R:そうです。それは大部分の人にとっては非常になじみのない考え方だったのです。つまり非常に新しい戦略であり、理解を得てはいませんでした。1936年の「国策の基準」の中にある「我が外交政策はもっぱら円滑かつ友好的方法で国家計画を遂行し」という項目は便宜的なものとして考えられていました。しかし、そのような解釈はこの政府文書が極秘であり、ひとり政府部門の指針とされていたという事実を見逃しています。・・・

C:当時、日本の世論は広田の場合を<除き>、東京裁判判決を大筋において受け入れていたと報道されています。『ニューヨーク・タイムズ』には「明らかに日本人は、広田は軍の支配のもとで道具としての役目を果たしたにすぎないと依然として考えている」とあります。そのような誤解にもとづいて絞首刑が執行されるのを見るのはおぞましい体験だったでしょうね。

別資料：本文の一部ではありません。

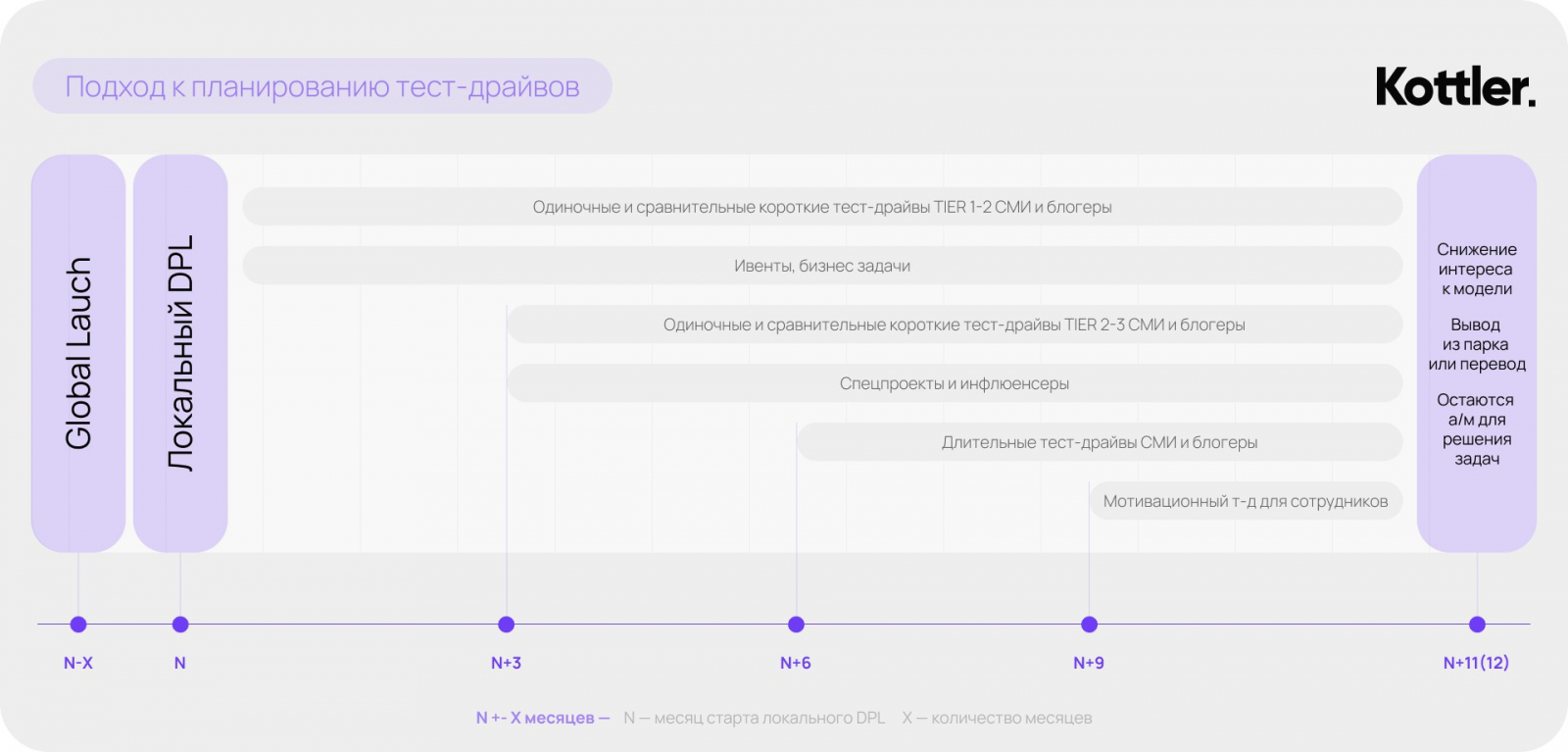 Мы за эффективный тайм-менеджмент. Поэтому заранее планируем расписание с оглядкой на PR-стратегию и цели бренда, а при согласовании тест-драйва и его длительности учитываем:
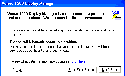 When trying to connect to display through a modem, the software gives a Venus 1500 server has stopped working error in Venus 1500 v3

R:はい。まったくいやな体験でした。しかし、後に事態はもっと劇的に推移しました。ご存知のように国連憲章の基本的な意図は人権の推進にあります。1966年の二つの人権に関する条約には自決権に対する人民の権利について同趣旨の条項があります。国連憲章の意図する万国共通の人権の認識、とくに民族自決の権利は植民地主義と相容れないものです。
 ですから、早急に植民地制度が廃止されたことは理にかなったことでした。1960年の植民地独立付与宣言において植民地関係は違法とされ、後に総会で犯罪とさえ決議されたのです。これによって、総会は民族自決のための闘争を促進することになりました。それは「自由の戦士」を適法と認め、国連加盟国に自由の戦士を支持するように求めたのです。要するに、国連は民族自決の推進のための「破壊活動」それ自体を承認したわけです。四半世紀も経たないうちに、国連は広田が死刑になったと同じ政策を採択することになったわけです。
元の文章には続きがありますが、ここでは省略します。